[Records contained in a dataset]
○ ○ ○ ○ ○ ○ ○

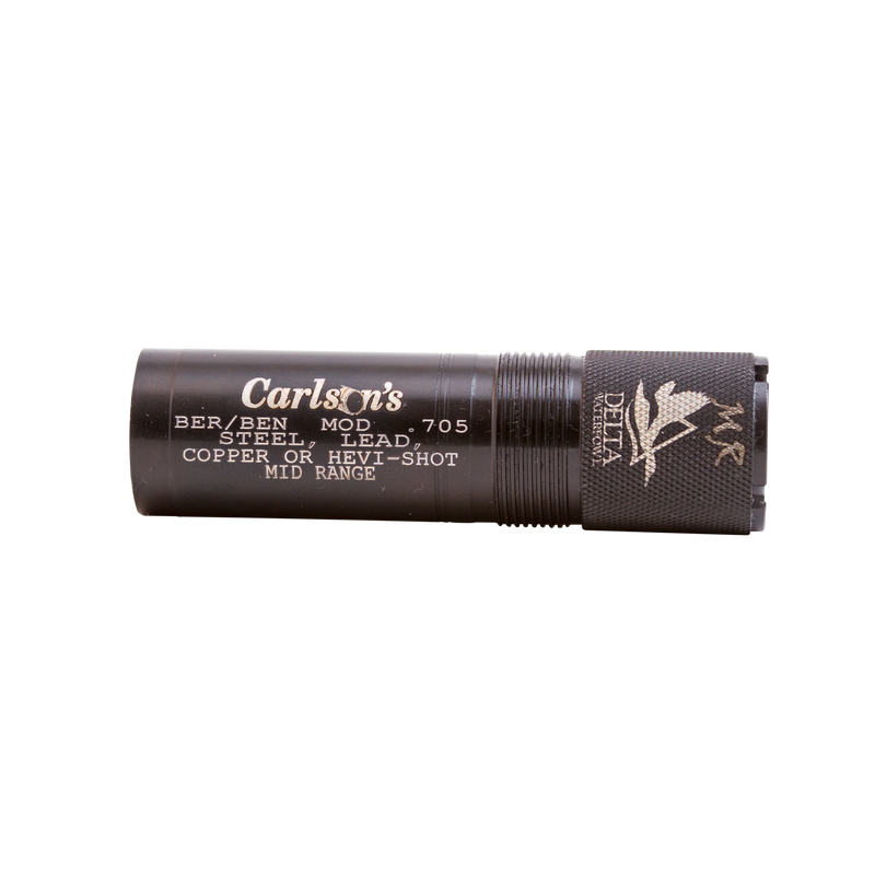 Carlsons Delta Waterfowl extended choke tube designed for 12 gauge Benelli and Beretta shotguns with mid-range constriction (.705" diameter). Manufactured from 17-4 stainless steel with black finish for corrosion resistance. Direct-thread installation compatible with Benelli/Beretta Mobil choke systems.
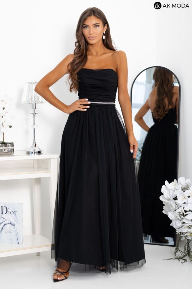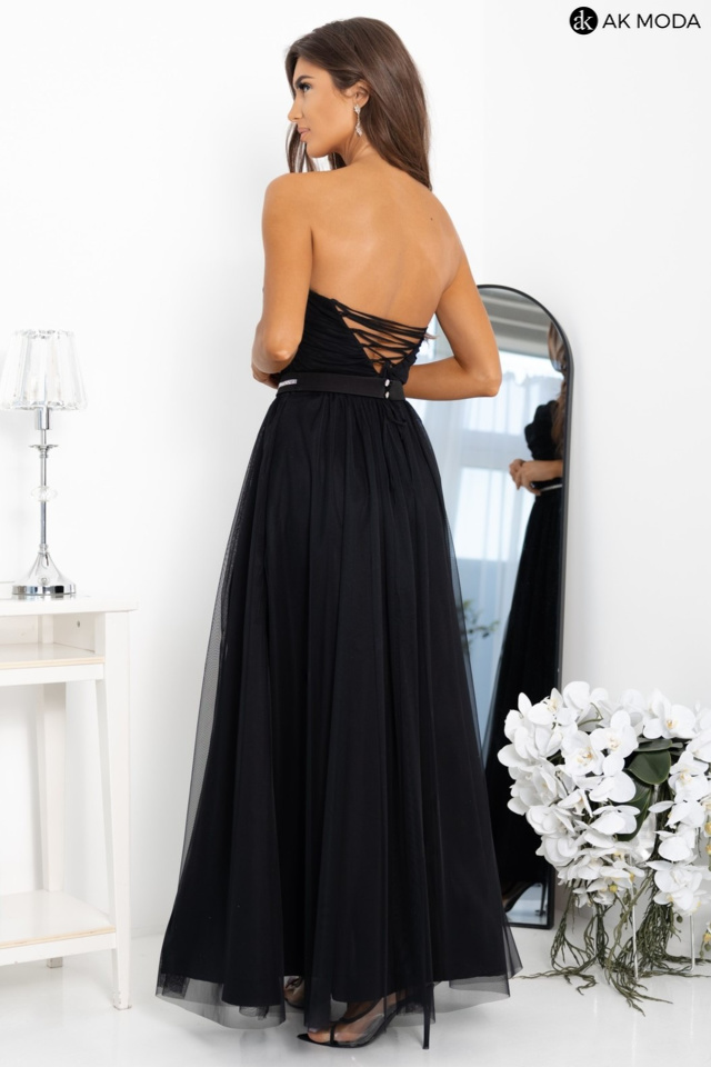 Długa rozkloszowana sukienka w kolorze czarnym z wierzchnią warstwą tiulu. Góra gorsetowa z marszczeniem i wiązaniem na plecach, na nodze rozcięcie. W zestawie dopinane ramiączka i ozdobny pasek.
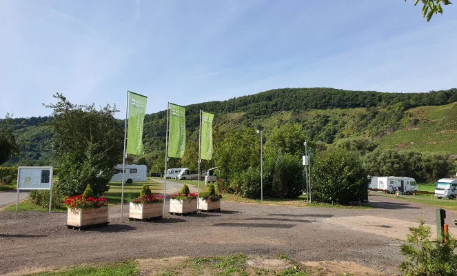 Ca. 200 Meter außerhalb vom Weinort Pünderich befindet sich der Wohnmobilstellplatz für 80 Mobile inmitten der Natur. Der Stellplatz ist unweit der Mosel gelegen und bietet einen wunderschönen Blick auf die Mosel, den Weinbergen und das längste Hangviadukt Europas, auf der anderen Moselseite. leicht abschüssige Stellplätze die zwischen mittelgroßen Apfelbäumen liegen. Große Spielplatz und Liegewiese direkt nebenan. Eine fantastische Auswahl an Rad- und Wanderwegen. Am Platz: eine Überfahrbare Entsorgungsanlage für Brauchwasser, Entsorgung für Chemie-Toilette und eine Frischwasser Versorgung. Stromanschlüsse von 6 Amp. (ca. 1300 Watt), Toiletten, Duschen und Kostenloses WLAN auf allen Stellplätzen. Der Wohnmobilplatz ist voll automatisiert, Sie fahren durch der Einfahrtsschranke, genießen alle Service Leistungen sofort und bezahlen am Automat. (nur Kartezahlung). Reservieren ist nicht möglich. Video-Überwachung, Stellplatz ist beleuchtet. Hunde sind willkommen.
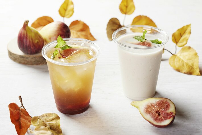 写真左「紀の川いちじくのアイスティーソーダ」、右「紀の川いちじくの杏仁スムージー」イメージ
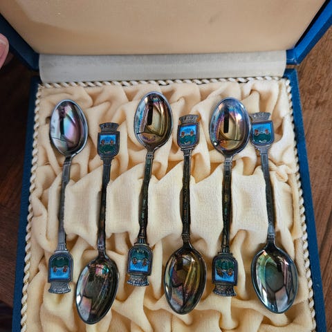 8 stk teskjeer i sølv med forskjellige byvåpen i Norge. (Steinkjer solgt)
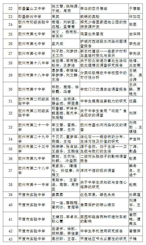 2017年青岛市初中综合实践研究性学习成果评选获奖名单(10)
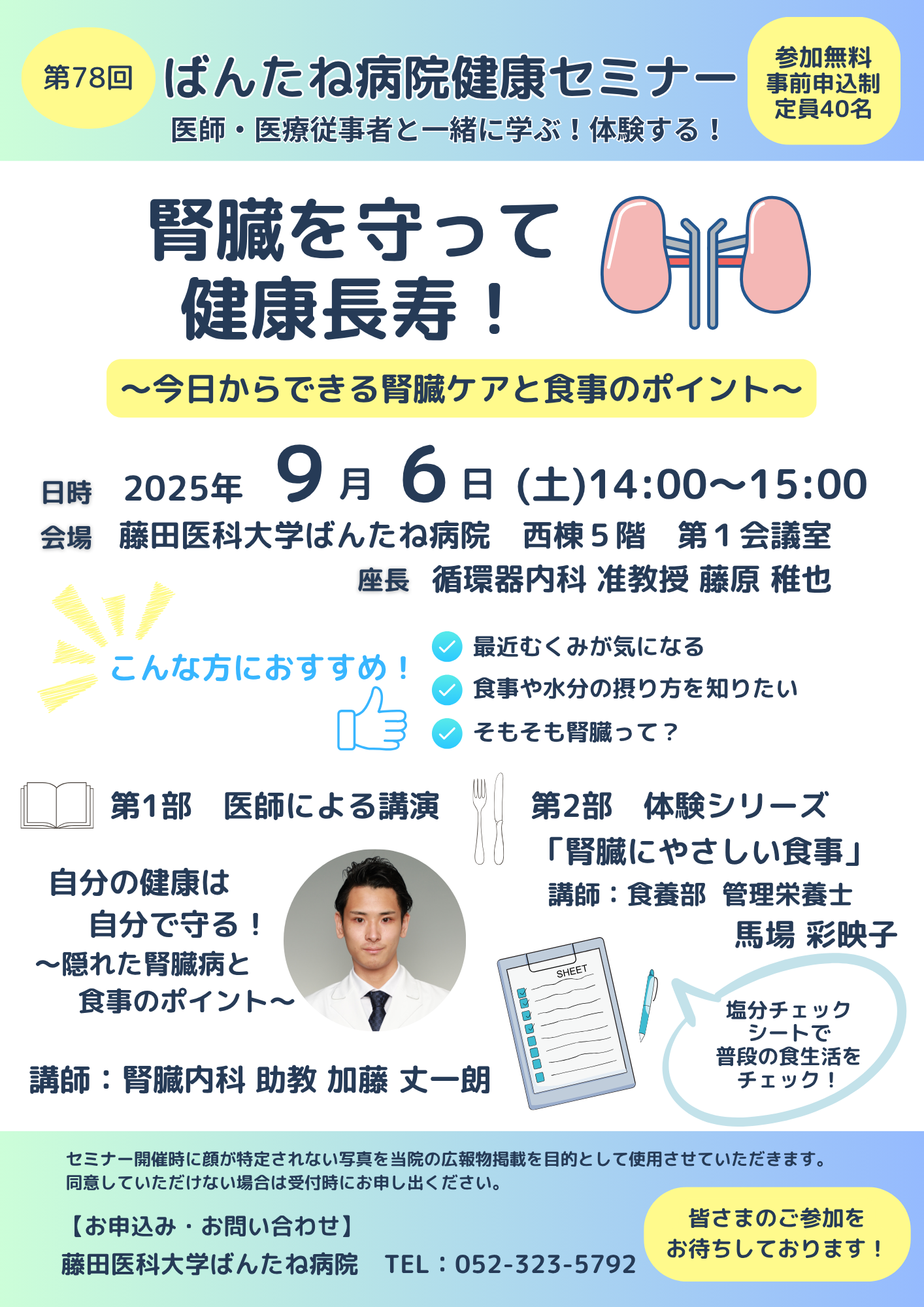 第78回 | 2025.9.6 | 「自分の健康は自分で守る!~隠れた腎臓病と食事のポイント」 講師:腎臓内科 助教 加藤 丈一朗 *体験シリーズ「腎臓にやさしい食事」 講師:食養部 管理栄養士 馬場 彩映子 |
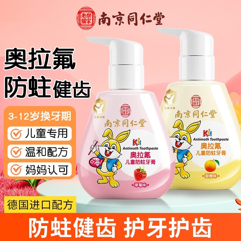 南京同仁堂儿童牙膏3-6-12岁含氟防蛀牙龋齿去黄黑牙按压式奥拉氟

○ ○ ○ ○ ○ ○ ○

**What you will do:** The copy you return must match the records above exactly, minus any images.

**Solution to this exercise:**
 Carlsons Delta Waterfowl extended choke tube designed for 12 gauge Benelli and Beretta shotguns with mid-range constriction (.705" diameter). Manufactured from 17-4 stainless steel with black finish for corrosion resistance. Direct-thread installation compatible with Benelli/Beretta Mobil choke systems.
 Długa rozkloszowana sukienka w kolorze czarnym z wierzchnią warstwą tiulu. Góra gorsetowa z marszczeniem i wiązaniem na plecach, na nodze rozcięcie. W zestawie dopinane ramiączka i ozdobny pasek.
 Ca. 200 Meter außerhalb vom Weinort Pünderich befindet sich der Wohnmobilstellplatz für 80 Mobile inmitten der Natur. Der Stellplatz ist unweit der Mosel gelegen und bietet einen wunderschönen Blick auf die Mosel, den Weinbergen und das längste Hangviadukt Europas, auf der anderen Moselseite. leicht abschüssige Stellplätze die zwischen mittelgroßen Apfelbäumen liegen. Große Spielplatz und Liegewiese direkt nebenan. Eine fantastische Auswahl an Rad- und Wanderwegen. Am Platz: eine Überfahrbare Entsorgungsanlage für Brauchwasser, Entsorgung für Chemie-Toilette und eine Frischwasser Versorgung. Stromanschlüsse von 6 Amp. (ca. 1300 Watt), Toiletten, Duschen und Kostenloses WLAN auf allen Stellplätzen. Der Wohnmobilplatz ist voll automatisiert, Sie fahren durch der Einfahrtsschranke, genießen alle Service Leistungen sofort und bezahlen am Automat. (nur Kartezahlung). Reservieren ist nicht möglich. Video-Überwachung, Stellplatz ist beleuchtet. Hunde sind willkommen.
 写真左「紀の川いちじくのアイスティーソーダ」、右「紀の川いちじくの杏仁スムージー」イメージ
 8 stk teskjeer i sølv med forskjellige byvåpen i Norge. (Steinkjer solgt)
 2017年青岛市初中综合实践研究性学习成果评选获奖名单(10)
 第78回 | 2025.9.6 | 「自分の健康は自分で守る!~隠れた腎臓病と食事のポイント」 講師:腎臓内科 助教 加藤 丈一朗 *体験シリーズ「腎臓にやさしい食事」 講師:食養部 管理栄養士 馬場 彩映子 |
 南京同仁堂儿童牙膏3-6-12岁含氟防蛀牙龋齿去黄黑牙按压式奥拉氟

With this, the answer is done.